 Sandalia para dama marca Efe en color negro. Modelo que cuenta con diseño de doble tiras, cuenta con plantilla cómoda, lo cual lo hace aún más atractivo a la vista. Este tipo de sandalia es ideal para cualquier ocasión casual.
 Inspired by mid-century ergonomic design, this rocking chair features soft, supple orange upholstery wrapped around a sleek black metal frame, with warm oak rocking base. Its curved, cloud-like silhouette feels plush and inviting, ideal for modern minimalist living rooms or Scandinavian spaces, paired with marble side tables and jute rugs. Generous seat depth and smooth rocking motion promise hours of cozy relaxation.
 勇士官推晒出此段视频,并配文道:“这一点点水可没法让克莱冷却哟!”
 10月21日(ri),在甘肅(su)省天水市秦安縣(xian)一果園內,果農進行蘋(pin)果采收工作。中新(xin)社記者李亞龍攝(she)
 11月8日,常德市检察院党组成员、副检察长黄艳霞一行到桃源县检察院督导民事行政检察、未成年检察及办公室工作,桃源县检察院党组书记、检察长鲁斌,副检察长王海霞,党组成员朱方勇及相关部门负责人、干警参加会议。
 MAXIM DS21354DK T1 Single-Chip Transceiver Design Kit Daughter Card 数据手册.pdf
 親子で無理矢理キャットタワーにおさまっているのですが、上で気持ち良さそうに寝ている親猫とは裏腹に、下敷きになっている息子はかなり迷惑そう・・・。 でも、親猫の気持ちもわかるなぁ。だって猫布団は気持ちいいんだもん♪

• • • • • • •

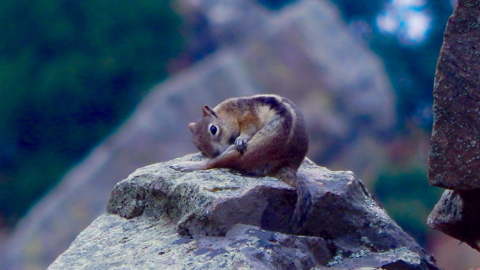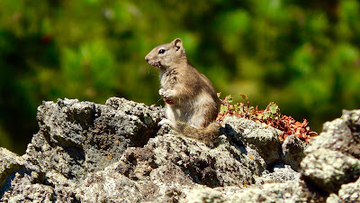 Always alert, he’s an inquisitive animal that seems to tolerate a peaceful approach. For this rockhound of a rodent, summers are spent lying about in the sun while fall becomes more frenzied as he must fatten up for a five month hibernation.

• • • • • • •

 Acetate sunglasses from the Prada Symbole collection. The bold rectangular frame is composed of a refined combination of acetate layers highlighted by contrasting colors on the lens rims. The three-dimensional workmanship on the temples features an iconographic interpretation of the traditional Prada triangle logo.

• • • • • • •

## Exercise description
From the material above, set down exactly the lines starting at the one with "Sandalia para dama" and ending at the one with "親子で無理矢理キャットタワー", end lines included.

## Result of the task
 Sandalia para dama marca Efe en color negro. Modelo que cuenta con diseño de doble tiras, cuenta con plantilla cómoda, lo cual lo hace aún más atractivo a la vista. Este tipo de sandalia es ideal para cualquier ocasión casual.
 Inspired by mid-century ergonomic design, this rocking chair features soft, supple orange upholstery wrapped around a sleek black metal frame, with warm oak rocking base. Its curved, cloud-like silhouette feels plush and inviting, ideal for modern minimalist living rooms or Scandinavian spaces, paired with marble side tables and jute rugs. Generous seat depth and smooth rocking motion promise hours of cozy relaxation.
 勇士官推晒出此段视频,并配文道:“这一点点水可没法让克莱冷却哟!”
 10月21日(ri),在甘肅(su)省天水市秦安縣(xian)一果園內,果農進行蘋(pin)果采收工作。中新(xin)社記者李亞龍攝(she)
 11月8日,常德市检察院党组成员、副检察长黄艳霞一行到桃源县检察院督导民事行政检察、未成年检察及办公室工作,桃源县检察院党组书记、检察长鲁斌,副检察长王海霞,党组成员朱方勇及相关部门负责人、干警参加会议。
 MAXIM DS21354DK T1 Single-Chip Transceiver Design Kit Daughter Card 数据手册.pdf
 親子で無理矢理キャットタワーにおさまっているのですが、上で気持ち良さそうに寝ている親猫とは裏腹に、下敷きになっている息子はかなり迷惑そう・・・。 でも、親猫の気持ちもわかるなぁ。だって猫布団は気持ちいいんだもん♪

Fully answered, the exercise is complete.